The first pic is a rear-view of (from left) Freckles, Tammy and Nibbles.  Nibbles is the little white Katahdin in the middle, who's between 4-6 years old and had quads last year.  Unfortunately, due to my inexperience and tardiness in intervening, the first three (ewes) were all born malpresented (forehead first, one leg back), before Nibbles plopped out the last one by herself - a ram that was the sole survivor.  The three ewes who perished were all beautiful variations of chocolate, tan and fawn, so I'm hoping for some nice colours this time - as well as a higher survival rate!  She's due March 12th, and she's already pretty big in this picture taken with 5 months to go... so I'm thinking triplets or possibly quads again...  The 3rd pic is her this summer just after weaning her ram, so you can see she looks more like a goat usually!

In the middle, the other white ewe is Tammy.  She's border cheviotXDorperXKatahdin, I believe, but she's a really big girl.  She's 4, so this is her third or 4th pregnancy, although her first with me.  She's HUGE, and also my first due, on Feb. 24th.  In this pic she has 3 weeks to go, so I'm thinking triplets again...  She doesn't have much of an udder yet, but I THINK she's dropped in the last day or two, so I'm thinking she might be early, maybe mid-next week.  I'm hoping she has a ewe lamb that I can keep.

On the left is Bonnie, AKA 'Bullet-Butt'.  She's a rambouilletXsuffolk, and she's a huge girl, even when not pregnant.  She's 6 years old, and this is her first pregnancy.  Yes, a bit of a risk, but I'm hoping for the best.  She's a wonderful friendly girl who loves a back scratch and will lean against me if she's ever uncomfortable, or if an unfamiliar person or dog is around.  I'd love a ewe lab from Bonnie as well.

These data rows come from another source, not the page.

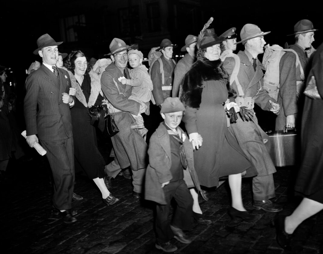 The 27th Division begin to leave town at New York’s Pennsylvania Station for Fort McClellan in Alabama, Oct. 21, 1940. More than 500 relatives and friends were on hand to see five units entrain. There were tears as well as cheers.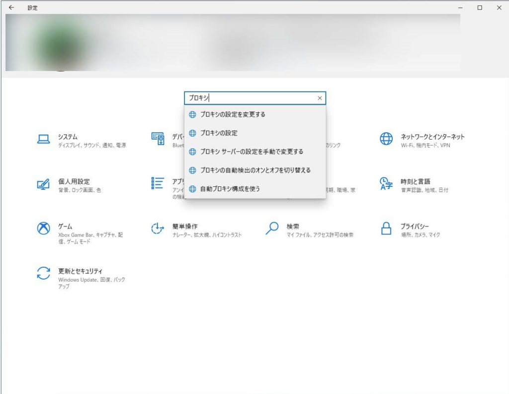 Windows10の場合は【設定】にある検索ボックスに「プロキシ」と入力すると候補が上がるので、そこから遷移できます。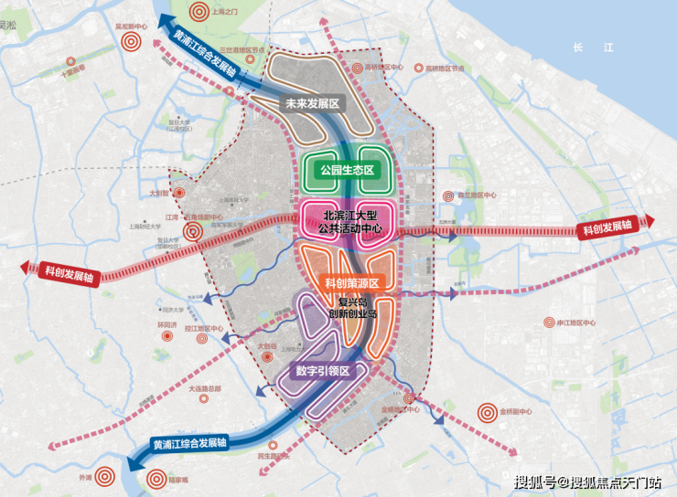 黄浦滨江中北部最新规划“一心”为两轴交汇处形成北滨江公共活动中心。“四区”为以复兴岛为核心,联动两岸形成科创策源区;南部滨江数字引领区提升在线经济产业能级; 中北部公园生态区强化生态辐射效应;北部片区为未来发展区。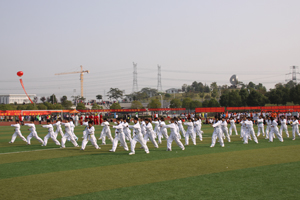党委书记孙永代表学院向大会的召开表示热烈的祝贺,并希望全体参赛运动员赛出成绩,赛出水平,赛出道德风尚,赛出团结友谊,取得运动成绩和精神文明的双丰收。裁判员代表桑磊、运动员代表财税金融系刘子健分别作了宣誓。开幕式上还进行了军体操和武术表演。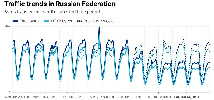 В Cloudflare Radar можно отследить июньское снижение трафика Cloudflare. В Роскомнадзоре же отрицают причастность к снижению трафика Cloudflare в июне, но допускают «проблемы у отдельных зарубежных хостинг-провайдеров».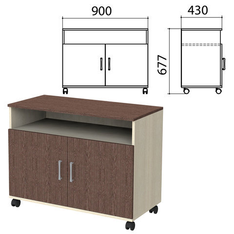 Тумба для оргтехники "Канц", 900х430х620 мм, 2 двери, цвет дуб молочный/венге (КОМПЛЕКТ)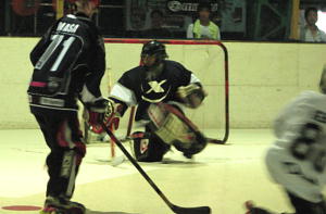 | リーグ2今期最後の試合はOVER対コヅモの一戦となり、両チーム共に大量得点での決勝進出となった。 リンク状態の悪い中いつも通りの試合展開は期待できず果たしてこの決勝にどのような影響を及ぼすのか?? 序盤から好調な出だしを見せたのはコヅモ! 1:51コヅモ22番セグラマウリシオ選手のゴールで先制すると、73番中澤選手→71番河原選手のゴールで追加点、さらに96番セグラウラジミル選手らのゴールで第1クオーターを4ー0で通過するコヅモ! 第2クオーターにも着実に得点を重ね、反撃したいOVERであったが第2クオーター8:55に86番落合選手→32番徳野選手のゴールが飛び出すも前半を終了して7−1と不本意な内容。 同じコートで試合しているにも関わらず、やはりコートに苦戦するOVERに対して、バランスこそ崩す場面はあるものの非常に動きの良いコヅモ。 第3、第4クオーターに20番中島選手が追加点を加えたOVERに対してセグラ兄弟の連携が炸裂したコヅモは9点を追加して16−3とOVERに圧勝! 予想だにしない展開に観客を驚かすも、セグラマウリシオ選手はなんと7ゴール5アシストと12ポイント、セグラウラジミル選手が6ゴール2アシストで8ポイントと大活躍し、念願の優勝を手にすることとなった! 滑るコートでも思い切りの良い走り込みとパスワークのコヅモに対して今まで急激な展開にも対応してきたOVERのDF陣もこの日ばかりはスケーティングがついて来ず、最後の最後で優勝を逃してしまう結果となった! |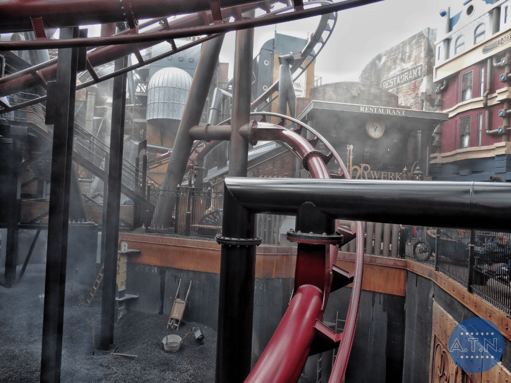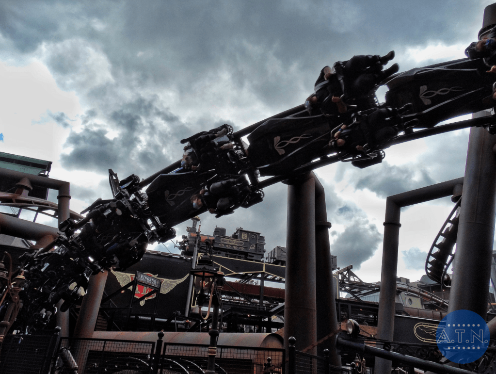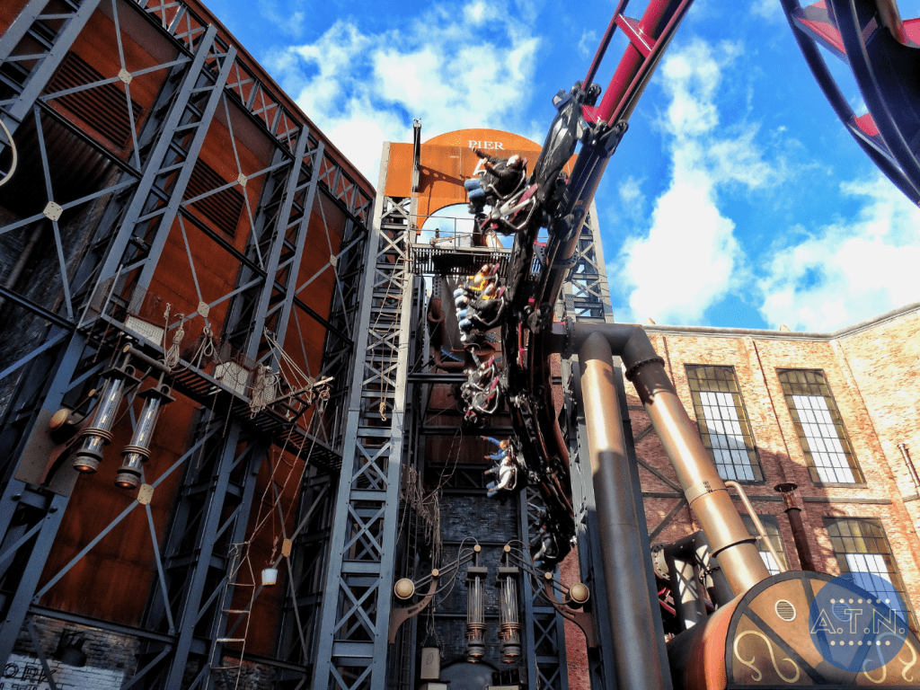 Le parcours est composé de 2 launchs et mesure 1 150 mètres de long. Qui dit flying coaster, signifie que les passagers sont allongés durant le tour, ce qui promet une expérience unique de vol au-dessus de la ville. Les visiteurs sont catapultés dans les airs, puis se laissent guider le long d’un coaster sinueux, rasant les murs des façades des usines de Rookburgh ainsi que le sol charbonneux, passant entre des colonnes et des turbines. Le coaster côtoie donc de près les chambres d’hôtel et les balcons de l’hôtel de la zone, offrant une expérience unique aux visiteurs.

Anyhoo, I'll post more pics as they come.  It's pretty hard to take good pics in -20 degree weather!
ShepherdO


----------



## shepherdO (Feb 15, 2019)

Here's my ram, Hamish.  He's not quite a year old, so he bred my 8 ewes in October.  He's from a Shropshire ram over a texel ewe, and while his father was a whopper ram, he hasn't turned out the biggest guy thus far... I'm not sure when rams are finished growing, but I don't foresee him getting a whole lot bigger.  Oh well, it will be nice for my 5 first timers to be bred to a smaller ram.  I hope to get a better ram in the fall, though it's not as if I cheaped out on this guy.  I'm partial to Charrolais, but something texel-y would be nice too.  At least he's a friendly guy, and evidently fairly virulent as at least 7 of my 8 ewes are quite clearly preggers.  The 8th is Patty, a suffolkX who is due on her first birthday if the marker is correct.  However, she's not super huge, and still 4 weeks off so I don't see lots of signs of pregnancy... we'll see in a couple weeks, I guess...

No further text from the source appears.